Cultural scapegoating is so ingrained in America that it's even been portrayed in popular fiction.

One of the most famous examples I can think of, is the scene in the classic 1990 film Goodfellas, 
and credit goes to the brilliant director Martin Scorcese for demonstrating how racial scapegoating was used by some members of organized crime.

"Tommy D" and Henry Hill prepare to steal the
complicit driver's truck in Goodfellas
It happens during a scene in which real-life mobster Henry Hill (played by actor Ray Liotta) is describing the various ways that their crew regularly ripped off cargo from trucks going in and out of Idewild Airport (now LaGuarida) in Queens, New York during the 50's and 60's.

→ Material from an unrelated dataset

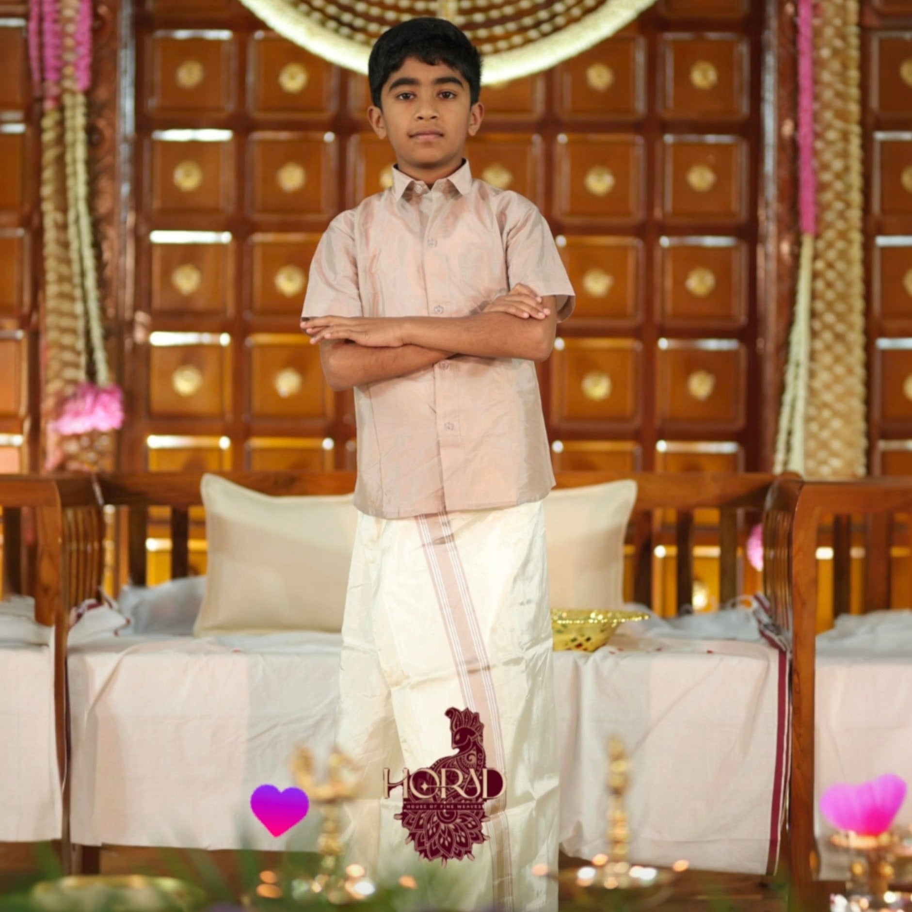 Horad Premium Art Silk Sandstone with Cream Kids set

The scene opens with a white truck driver stopping in front of a diner and climbing down from his cab.

He casually walks past Henry Hill and Tommy DeVito (played by actor Joe Pesci) and gives them both a nod as he walks in the diner (pictured above).

The two mobsters casually walk to the cab of the truck, get in and simply drive away.

Meanwhile inside the diner, after the truck driver has ordered something to go and walks out, he suddenly runs back inside, feigning surprise and anger as he shouts to the man behind the counter:

"Hey! You gotta phone? C'mon, c'mon you gotta phone?"

The man behind the counter says, "Yeah, over there," pointing to a pay phone on the wall as the truck driver hurries over, intentionally raising his voice for the other diner patrons to hear:

"Two niggers just stole my truck! You believe that shit?"

Watch the scene for yourself, it only runs about 48 seconds.

I think it speaks to the underlying reasoning that motivated four Olympic athletes to import something dark from America to deflect attention on their own actions.

Most definitely not a highlight in American Olympic history, but inexorably linked to American history.